Я перебирал в памяти весь день. Была только одна остановка, на скалах, когда я залезал глубоко в рюкзак за батарейками. Может быть, тогда и выпал фонарь?
Наступило время шестичасовой связи. Я попросил узнать у Саймона, не нашли ли они фонарь в палатке на седле. Ал связался по рации.
Пока он разговаривал с Саймоном, я обдумывал суровую реальность. Даже если они найдут фонарь, он не попадет ко мне, пока команда Б не поднимется сюда на следующий день. Поскольку я не смогу идти в темноте в лагерь 6, а в лагере 5 будет слишком мало места, мне придется идти вниз. Меня трясло от непереносимой жалости к себе. Потерять все из-за одной маленькой оплошности. Я ненавидел себя за свою небрежность. Но где же фонарь?
К моменту связи команда Б благополучно поднялась на седло и теперь отдыхала. Саймон обрадовался, услыхав, что лагерь 5 в хорошем состоянии, и сказал, что в палатке, оставленной мной накануне, фонаря не обнаружили.
Ал выключил рацию.
— Он должен быть здесь.
Я начал очередную стадию поисков, ощупывая каждую отдельную вещь, и затем методично, насколько я мог это сделать в судорожном состоянии, разбирал кучу. Ничего.

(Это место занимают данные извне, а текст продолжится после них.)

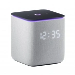 Корпус колонки, выполненный из ткани, не только стильно выглядит, но и обеспечивает приятные тактильные ощущения, защищает динамики и смягчает звук. Встроенный экран светится на текстильной поверхности.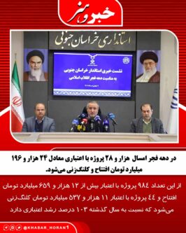 استاندار خراسان جنوبی گفت: هزار و ۲۸ پروژه با اعتبار ۲۴ هزار و ۱۹۶ میلیارد تومان در دهه فجر امسال در استان به بهرهبرداری میرسد

Вдруг обнаружив складку на стенке палатки, я просунул под неё руку и вытащил фонарь. Невероятно, как я не нашел его раньше. Оставалось только предположить, что мой мозг все ещё работает в пол-силы.
— Всё, конец панике, — Ал поставил кипятить следующую порцию волы.
— Слава Богу, — я вздохнул с облегчением.
У меня снова появились шансы взойти на вершину.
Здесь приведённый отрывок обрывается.